New user retention only looks at first-time users within a specific timeframe (typically one month or one week). It calculates what percentage of those new users return in subsequent time periods.

You should use new user retention when you’re trying to:

  • Optimize the first-use period (for example, first 30 days, 7 days, trial period, and so on).
  • Have a trial experience.
  • Analyze a product that's early in its lifecycle.

All user retention tracks the percentage of every user returning over time, reflecting long-term satisfaction and loyalty.

You should use all user retention when you’re trying to:

  • Sustain growth for an established product.
  • Identify where you can optimize growth across different segments of users.

How do I interpret the report?

If you’re looking to understand what user engagement looks like with your product as time goes on, focus on the top summary row.

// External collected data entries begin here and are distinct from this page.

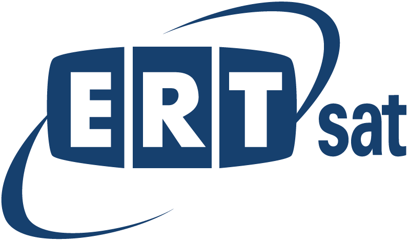 2nd Logo of ERT Sat (Re-branded TV channel from Greece) Source: [1] History of Image:ERT Sat (Second).gif 2007-12-18T19:59:42Z Polbot (Talk
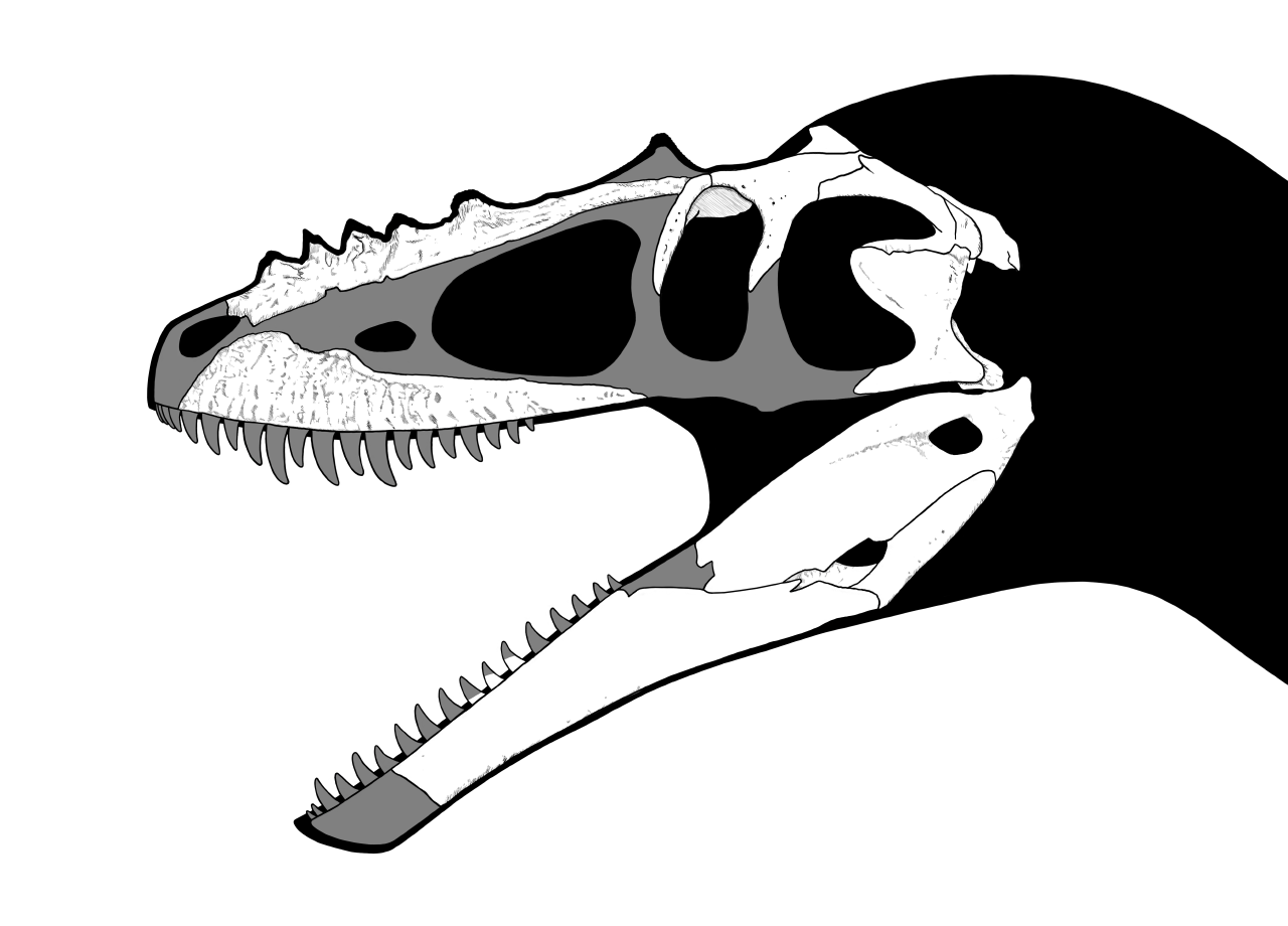 A skull diagram of the tyrannosaur Alioramus remotus. • The known parts of the skull are shown in white. • Based on a skull reconstruction by Tracy L. Ford [1](Used with permission) [1] References ↑ Weishampel, D.B., Dodson, P., & Osmolska, H. (Eds.). The Dinosauria (2nd Edition). Berkeley: University of California Press. Note: I often update my images. If you want to have any of my images on a website, please (if possible) don’t host/save it to the website server. I’d prefer it if the image's Wikimedia URL is used. This means that if I update an image, it will be updated on the site as well. Thanks.
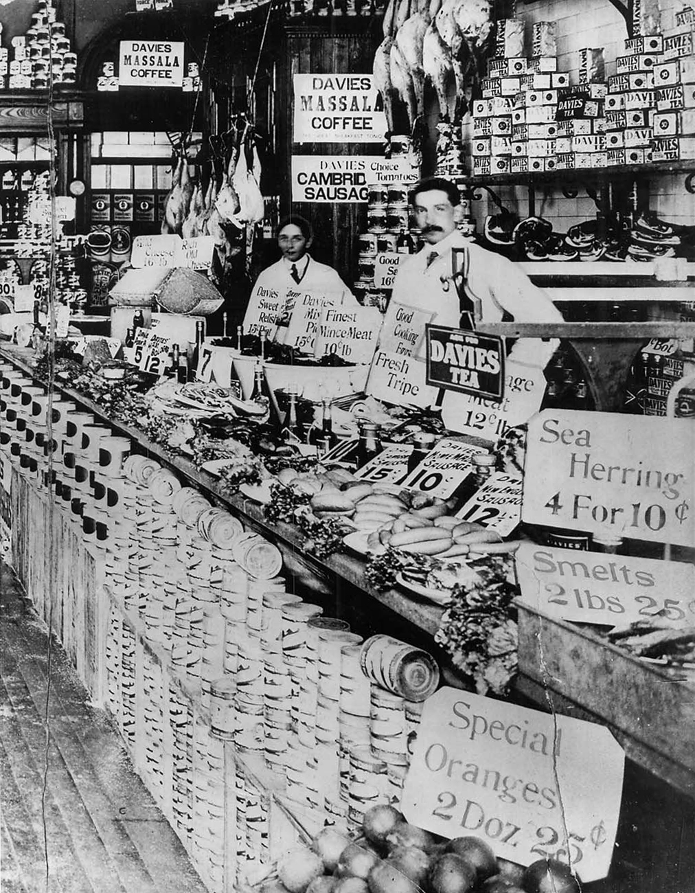 Interior of a William Davies Company store, on Queen Street, near Bay Street. Toronto, Canada.
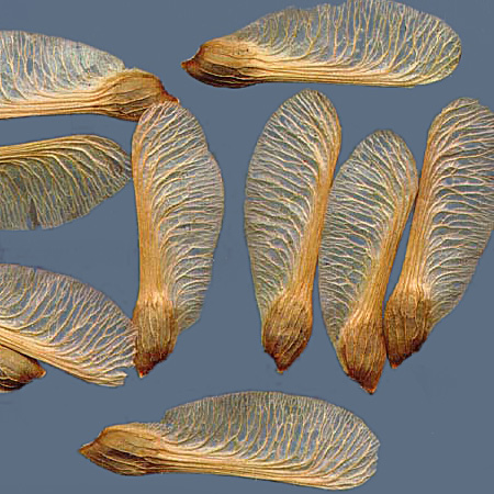 Acer rubrum fruits

Retention_Cohort_Breakdown_Table_Power_Users.png

This provides a consolidated view of the individual cohort’s information. If you’re noticing that one of the cell values in the summary row is abnormal, move down that column to understand what's driving that abnormality. It might be seasonal traffic, a large customer churn, or something else.

If you’re trying to analyze how you’re doing with retention at a specific moment in the customer lifecycle, focus on the individual cells in that column. For example, if you're tasked with reporting on or improving 3-month retention for a specific app, you'd look at the Month 3 column. (This column reflects how many users returned during their third month of using the app, not the third calendar month.) The Month 3 cell in the top summary row provides a single-metric overview, and if you look at the cohorts in the Month 3 column, you see how your 3-month retention is trending over time.

Retention_Cohort_Breakdown_Table_Month_3.png

This level of analysis is especially helpful if you’ve implemented a campaign or strategy in an effort to improve these numbers. You could see what it looked like before the intervention and after.

What do the asterisks in the chart mean?

The asterisk signifies that the cohort's time period for that given month or week (seen in the column header) is incomplete. This means that there's still time remaining in the specified window for the cohort to be retained. As more members of the cohort come back (or don’t come back) in the remaining time window, the data could change.